What will the loss of credit card late fees mean for America’s biggest banks?
A report Tuesday (March 5) by Goldman Sachs Equity Research examines the impact of lost revenue for these banks in the wake of the Consumer Financial Protection Bureau’s (CFPB) new rule that lowers those fees from as high as $32 to an average of $8.
“We expect large cap banks to take actions to mitigate the impact of lost revenue from late fee reduction that could include 1) an increase in APRs on new balances, 2) changes to sharing arrangements with retailers, and 3) the potential introduction of account maintenance fees, amongst others,” Goldman analyst Richard Ramsden wrote, per a report by Seeking Alpha.
The research estimated that the changes to late fees would have an average impact on earnings per share (EPS) of -2.4% in 2025. Citigroup would be hit hardest, Ramsden wrote, with a 6.4% estimated 2025 EPS impact, while PNC’s EPS impact would be just 0.7%.
Goldman’s findings came in the wake of the CFPB’s announcement Tuesday that it had finalized the rule change for credit card late fees. The rule applies to the largest issuers, those with more than 1 million open accounts.

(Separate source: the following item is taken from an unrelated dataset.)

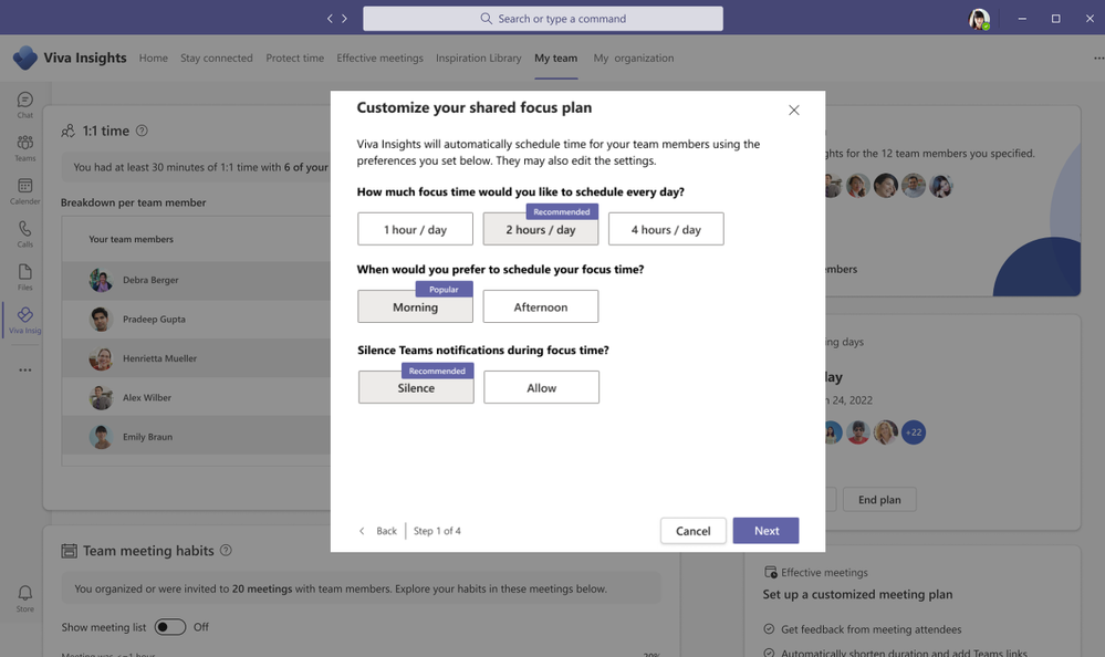 The shared focus plan, available in the Viva Insights app in Teams, allows managers and team leads to invite their teams to automatically book up to four hours of uninterrupted time every day. The shared focus plan helps teams build shared productivity habits with the flexibility to prioritize personal preferences. Viva Insights books focus time two weeks in advance and will not schedule over existing calendar events.

“Today, the credit card industry hauls in more than $14 billion in late fee revenue each year, which our research shows is more than five times the companies’ associated costs,” CFPB Director Rohit Chopra said in a news release announcing the change.
“They charge these fees to consumers even when their payment is only a little bit late or when it’s out of their control.”
The American Banks Association has criticized the rule change, arguing that the CFPB would end up preventing competition, reduce credit access and lead to higher debt.
Last month, the CFPB issued a report showing that the largest credit card issuers charged consumers interest rates that were 8 to 10 points higher than those found at small- to medium-sized banks and credit unions.
Meanwhile, PYMNTS wrote Tuesday that the CFPB’s rule change could negatively affect banks’ ability to invest in innovation.
“The dwindling, capped pool of fees may give the regulators grist for the headline mill, but eventually, the move may have unintended consequences as banks look to cut costs elsewhere to offset the impact by trimming some services and product features,” the report said.